Collected material:
⟨

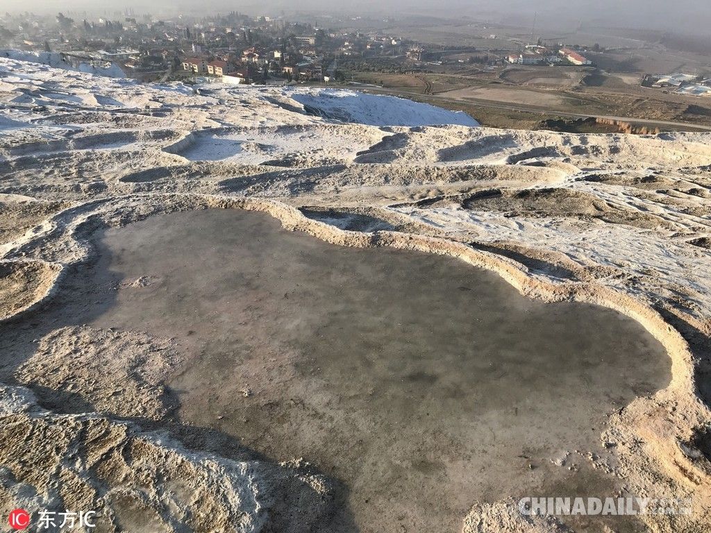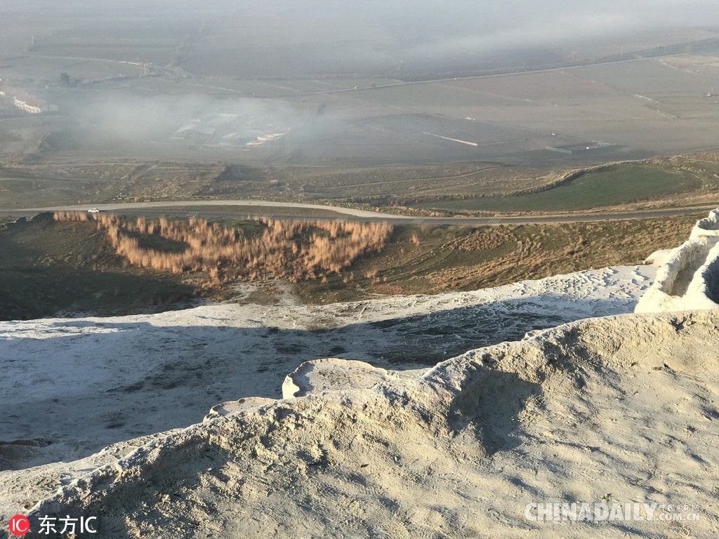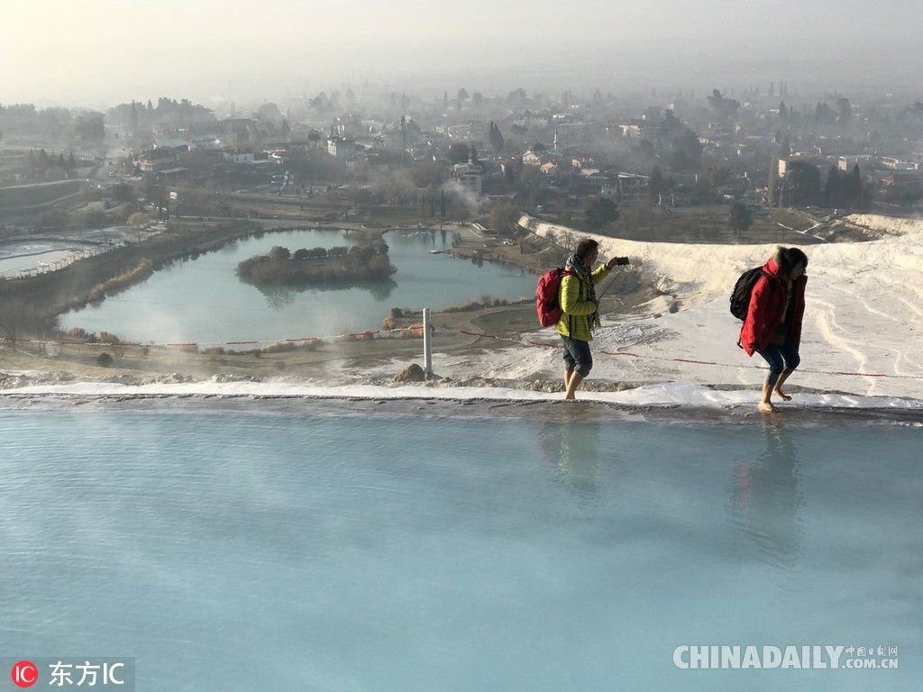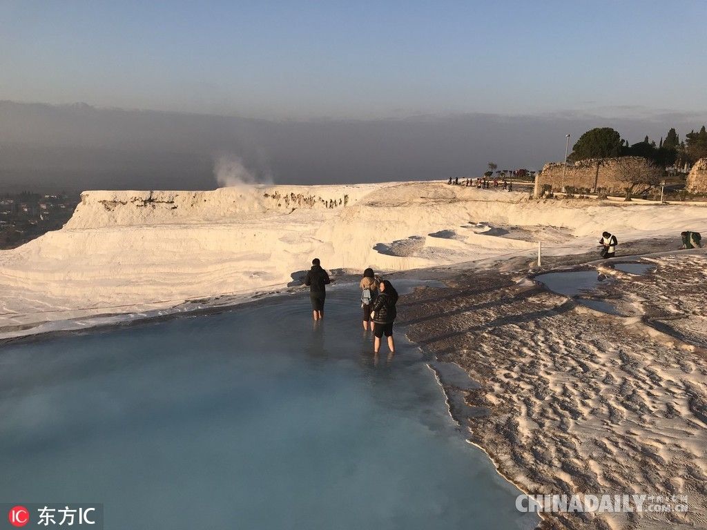 石灰华梯田是棉花堡的主景点,含有石灰石成分的泉水在高地结晶后,形成层叠的镜面梯田。出于保护原因,游客不能穿鞋进入景区。(图/东方IC)
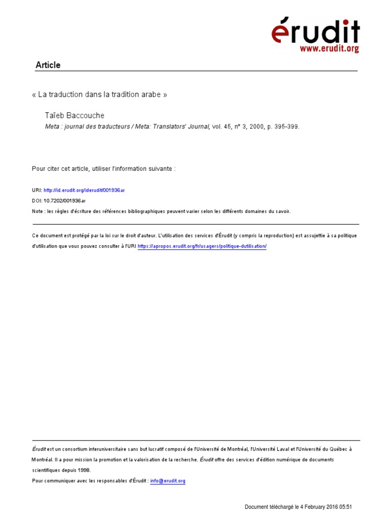 La Traduction Dans La Tradition Arabe Arabe Traductions
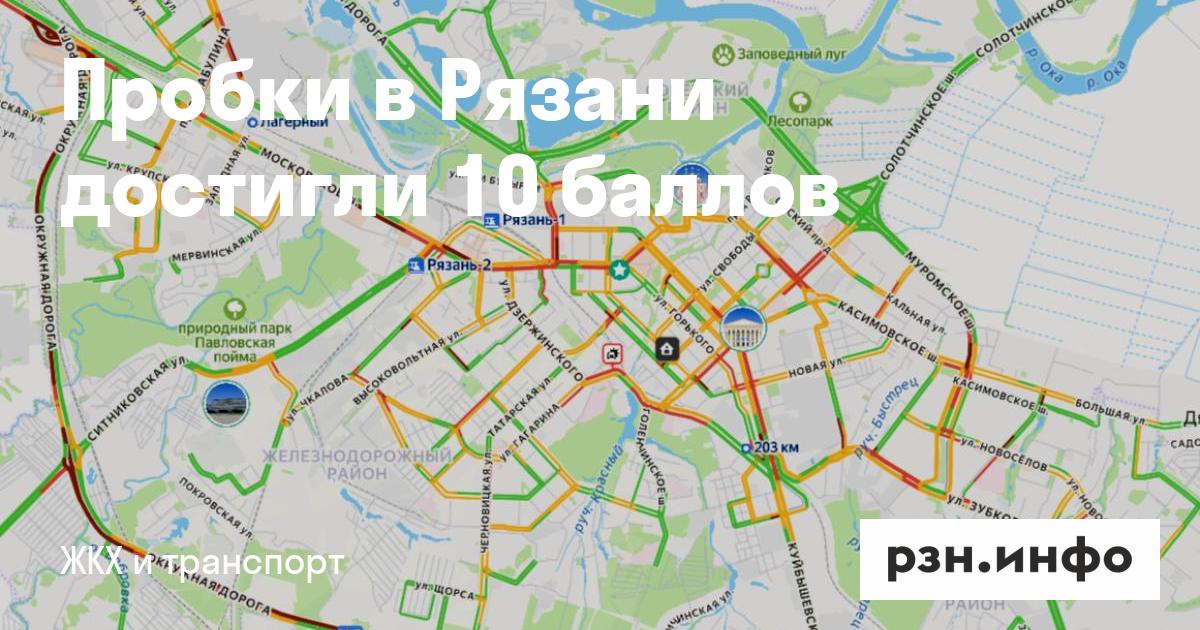 Пробки в Рязани достигли 10 баллов. Об этом сообщает сервис «Яндекс карты».

⟩

Work order:
Copy the lines exactly. Start at the line with "La Traduction Dans", end at the last line above, include both, and omit all pictures.

Result for this exercise:
 La Traduction Dans La Tradition Arabe Arabe Traductions
 Пробки в Рязани достигли 10 баллов. Об этом сообщает сервис «Яндекс карты».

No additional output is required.